Reproduce the listing below from the line with "1. Position the" to the line with "Prominenz, Pressekonferenz, PK, Versammlung, Treffen, Deutsche", both lines included, character for character, minus any pictures.

(Beginning of STORED DATA)

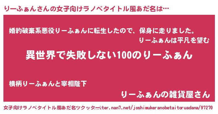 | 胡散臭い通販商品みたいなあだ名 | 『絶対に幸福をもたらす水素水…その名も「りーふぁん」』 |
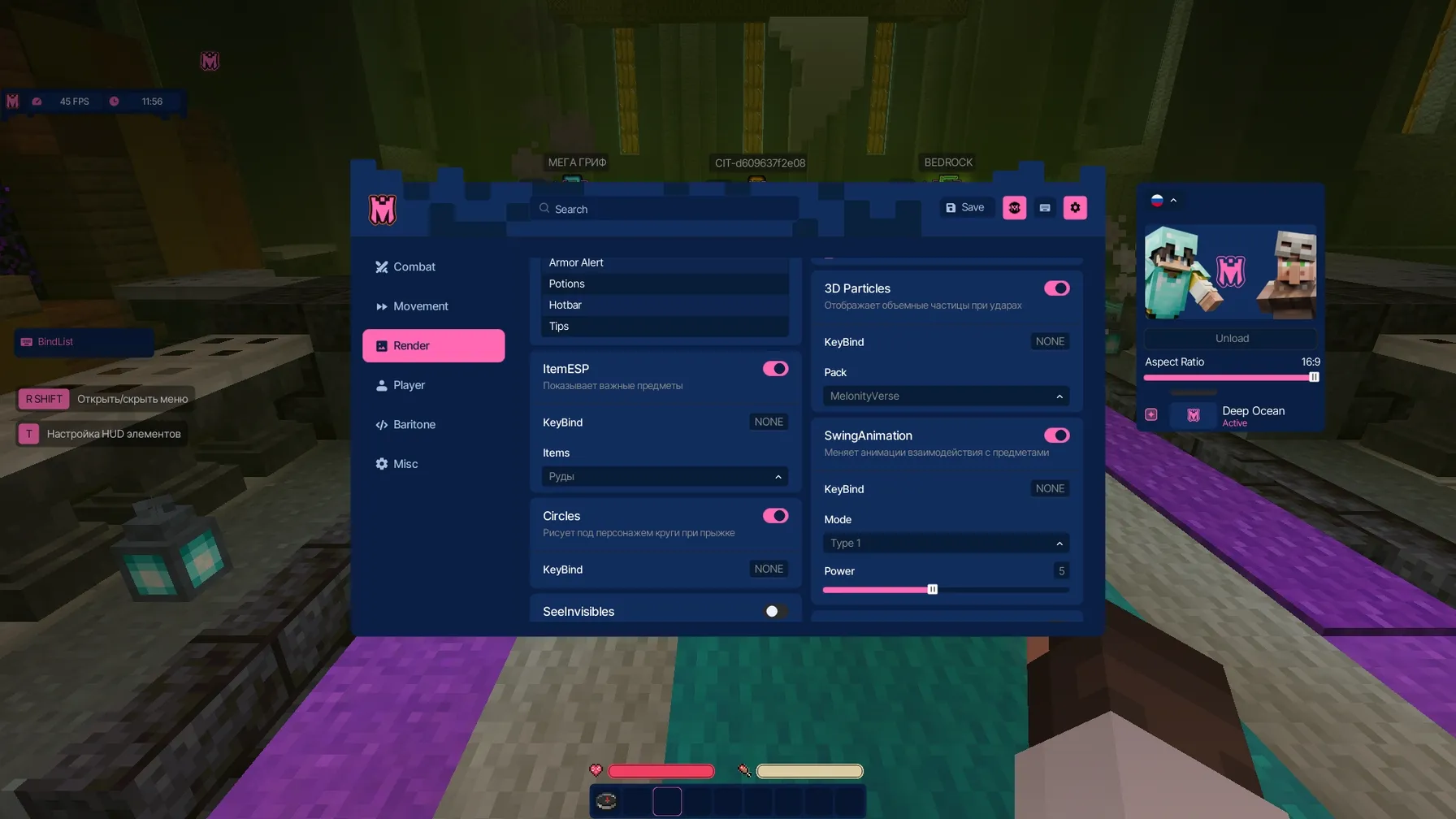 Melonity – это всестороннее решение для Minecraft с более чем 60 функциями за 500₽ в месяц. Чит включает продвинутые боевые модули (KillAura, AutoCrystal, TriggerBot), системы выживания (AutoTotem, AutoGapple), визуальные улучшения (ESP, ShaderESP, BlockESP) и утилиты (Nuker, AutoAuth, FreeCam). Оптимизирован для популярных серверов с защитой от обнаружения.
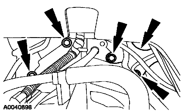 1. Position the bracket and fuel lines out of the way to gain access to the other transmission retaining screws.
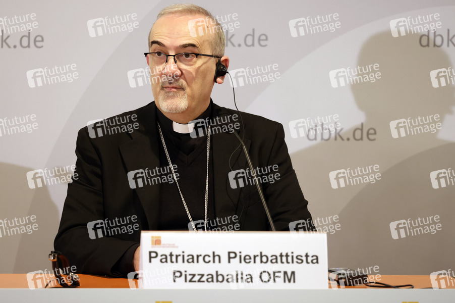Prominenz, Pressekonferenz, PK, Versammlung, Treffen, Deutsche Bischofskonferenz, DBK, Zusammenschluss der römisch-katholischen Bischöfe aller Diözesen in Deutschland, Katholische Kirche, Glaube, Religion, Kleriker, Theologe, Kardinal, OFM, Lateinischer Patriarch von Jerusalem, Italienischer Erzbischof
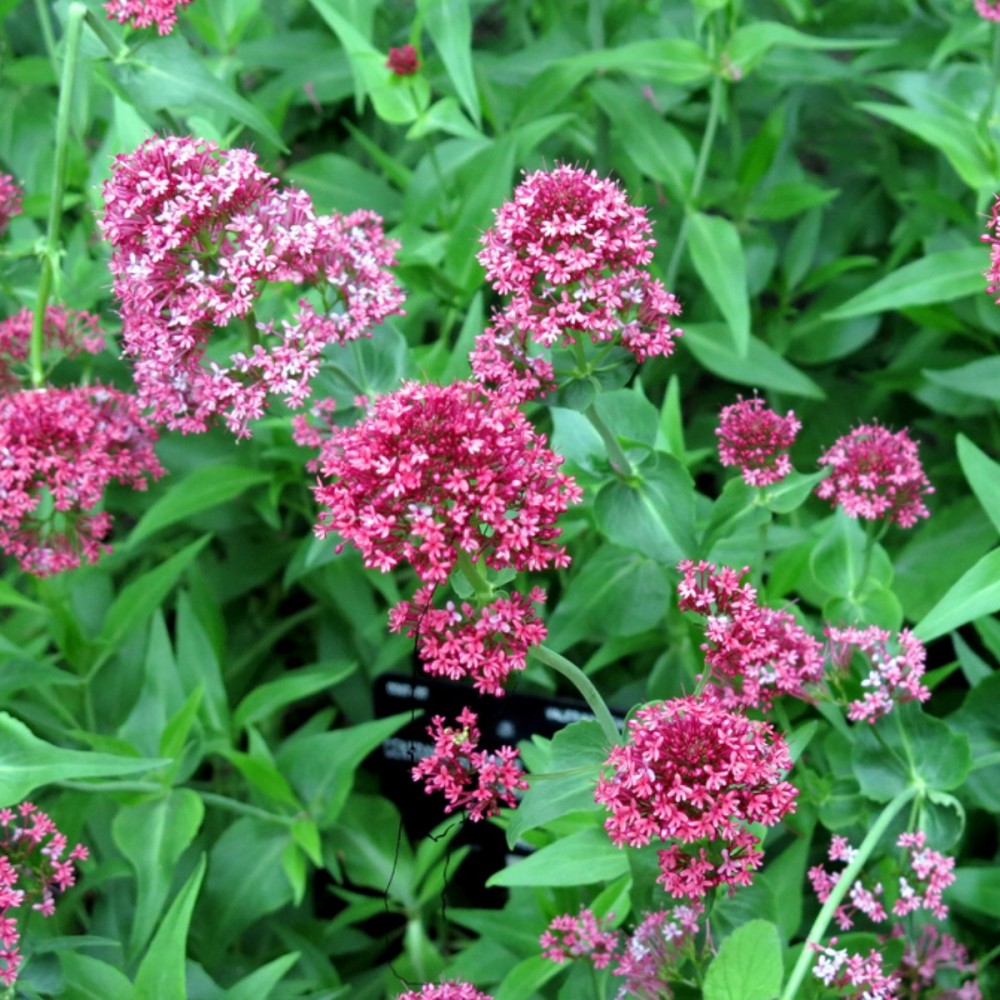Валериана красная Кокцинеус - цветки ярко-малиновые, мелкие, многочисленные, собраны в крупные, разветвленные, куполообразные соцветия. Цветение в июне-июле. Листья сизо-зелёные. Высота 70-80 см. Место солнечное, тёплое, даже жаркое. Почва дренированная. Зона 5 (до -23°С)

(End of STORED DATA)

__RESULT FOR THIS EXERCISE__:
 1. Position the bracket and fuel lines out of the way to gain access to the other transmission retaining screws.
Prominenz, Pressekonferenz, PK, Versammlung, Treffen, Deutsche Bischofskonferenz, DBK, Zusammenschluss der römisch-katholischen Bischöfe aller Diözesen in Deutschland, Katholische Kirche, Glaube, Religion, Kleriker, Theologe, Kardinal, OFM, Lateinischer Patriarch von Jerusalem, Italienischer Erzbischof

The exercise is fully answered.